HuggingFace Hub
Hello,
Thank you for your hard work.
I tried to run the code bench locally (on a RTX 3060 12Gb) but was hitting issues, I know however though that it is possible to use Hugging face hub inference, would this be of interest to setup a Hugging face hub runner? I may have some scope to contribute if that could be of use.
Hi, that sounds like a nice idea. Similarly, we might also want to support together or fireworks like API providers.
Yeah sounds like a good idea!
So thinking from a software point of view maybe an abstract API Runner class that maybe sets up the runner and client then implementations per api provider, I think the openai runner could move to this sort of framework potentially as well?

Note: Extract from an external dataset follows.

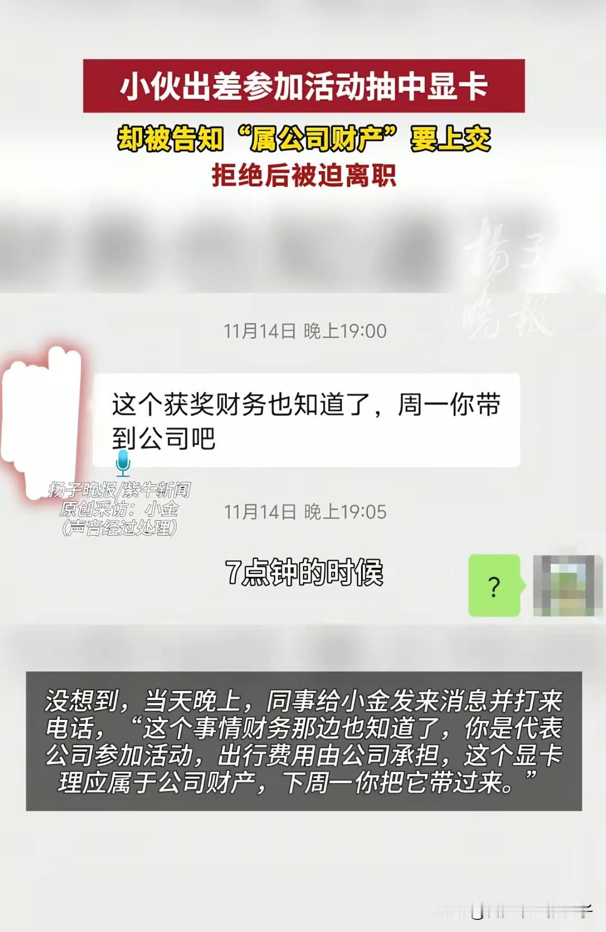 上海,男子和同事受公司安排,一同到苏州参加英伟达的活动,同事嫌麻烦便没有参与现场的抽奖,而男子则趁上厕所的间隙,去各个展位完成了盖章,获得了抽奖的资格。 没想到男子中了大奖,获得高端显卡一张,公司得知后要求男子上交,说这是公司的财产,小伙虽拒绝上交保住了显卡,但最后公司也劝退了小伙离职。 特意去查了这个事,公司要求男子上交显卡是否合理暂且不说,其实最恶心的是和他一起出差的同事。 他嫌麻烦不去集,看到别人中奖了就想分钱,男子不愿意,还假装给男子说公司已经知道了,结果男子去财务问才发现公司根本不知道这事! 虽然参加活动是公司安排的,但抽奖是个人行为,不是公司要求的,况且同事还嫌麻烦没参加,如果是公司要求他抽奖,那中奖了奖品属于公司那无可争议。 另外,反过来想假如事先知道公司会回收奖品,那么谁又愿意去参加抽奖呢? 所以,个人认为这张显卡应该归小伙,公司连张3000元的显卡都舍不得,还要劝退员工,太小气了,您觉得呢?
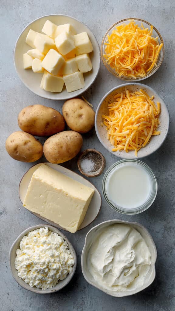- Assemble the Dish: Mash the potatoes with butter, warm milk, sour cream, cream cheese, salt, and pepper until smooth, then fold in 1 cup of the shredded cheese.

From a quick test I had to:
- Declare model style
- Implement runner class (I implemented run_batch not sure which methods are compulsory for tests to run?)
- Add it to runner utils
- Create prompt (this could be problematic here because the prompt depends on the model eg on HF you can run codellama / gemini / mistral ... which work best with their specific prompts, I wonder if having mixin classes that say hey I am using an API but also using this model family would work?
Thanks, yes this sounds reasonable. Adding an additional flag to choose between api provider or vllm sounds reasonable.
It would be great to have api support, thanks for your contributions.
Also, OpenRouter support is very appreciated. With OR we can choose almost any model.
Hello, I have added support for the OpenAI-style interface, through the http interface from the inference framework such as vllm, you can directly call to obtain the generated content. I can contribute the code if needed.
Hello, I have added support for the OpenAI-style interface, through the http interface from the inference framework such as vllm, you can directly call to obtain the generated content. I can contribute the code if needed.
Wow! It's very cool! PR please. @Naman-ntc please approve.